In early 2010, the Company acquired the 8,317 hectare Ağı Dağı and Kirazlı gold development projects in Turkey, which contain established mineral resources and several highly prospective exploration targets. In June 2012, the Company published a positive preliminary feasibility study for the Ağı Dağı and Kirazlı projects, showing total life of mine production of 1.5 million ounces of gold and 4.9 million ounces of silver. In addition, the Company owns the Çamyurt exploration project located approximately three kilometres (“km”) southeast of Ağı Dağı. In June 2012, the Company released an initial inferred mineral resource estimate for the Çamyurt project of 24.6 million tonnes grading 0.81 g/t Au and 4.77 g/t Ag for 640,000 ounces of gold and 3.8 million ounces of silver.

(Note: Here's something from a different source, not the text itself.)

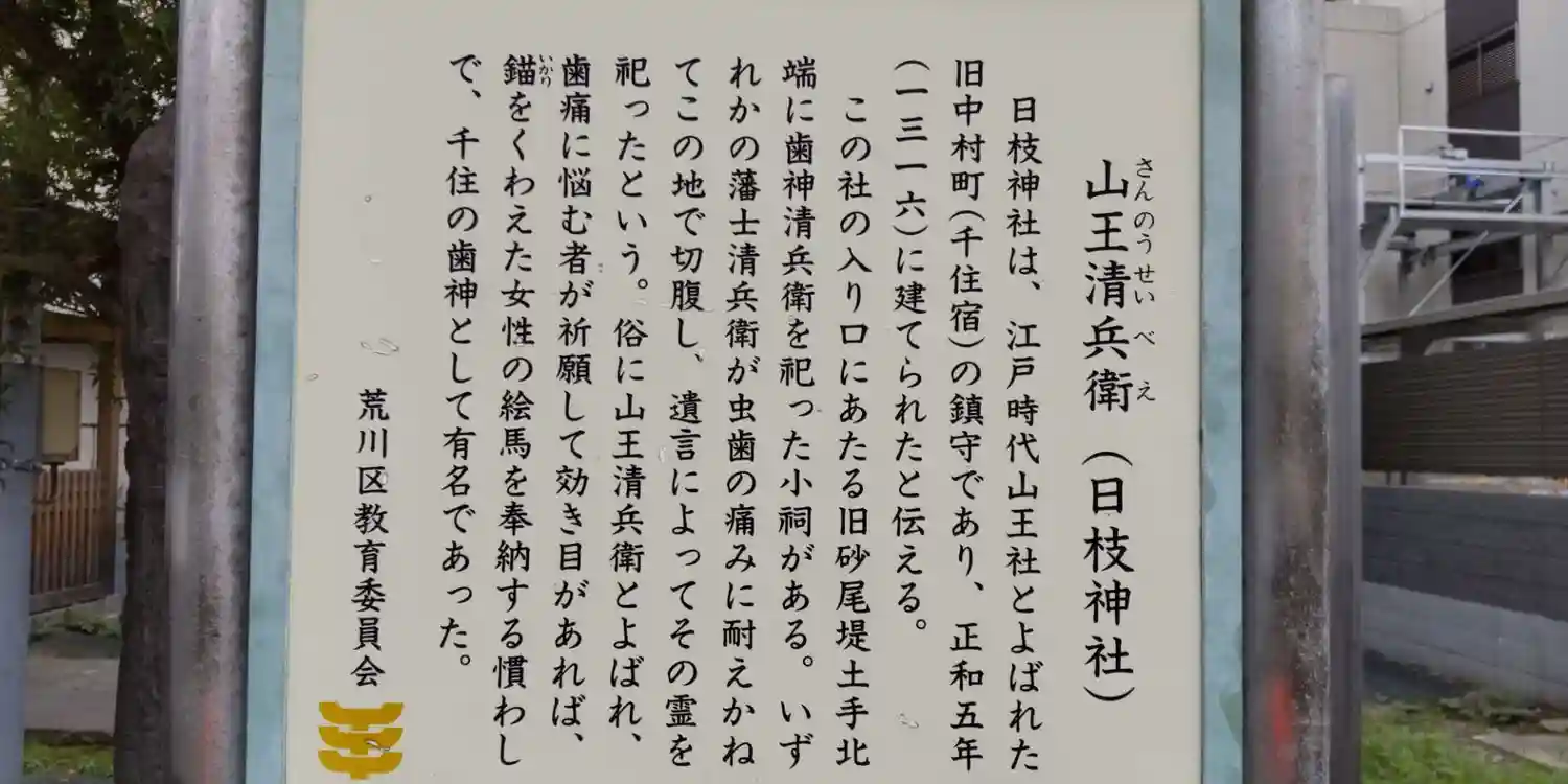 この社の入り口にあたる旧砂尾堤土手北端に歯神清兵衛を祀った小祠がある。いずれかの藩士清兵衛が虫歯の痛みに耐えかねてこの地で切腹し、遺言によってその霊を祀ったという。俗に山王清兵衛とよばれ、歯痛に悩む者が祈願して効き目があれば、錨をくわえた女性の絵馬を奉納する慣わしで、千住の歯神として有名であった。

Measured and indicated mineral resources at Ağı Dağı and Kirazlı (reported at a 0.2 g/t Au cut-off) at December 31, 2012 total 126.3 million tonnes grading 0.60 g/t Au and 4.86 g/t silver (“Ag”) for approximately 2.4 million ounces of gold and 19.7 million ounces of silver. Inferred mineral resources total 25.6 million tonnes grading 0.46 g/t Au and 4.02 g/t Ag, for approximately 0.4 million contained ounces of gold and 3.3 million contained ounces of silver.

Second Quarter 2013 Highlights

During the second quarter of 2013, the Company;

Financial Performance

Sold 55,000 ounces of gold at an average realized price of $1,423 per ounce for quarterly revenues of $78.3 million

Realized proceeds of over $111.1 million on the disposition of the Company’s investment in the common shares of Aurizon Mines Limited (“Aurizon”)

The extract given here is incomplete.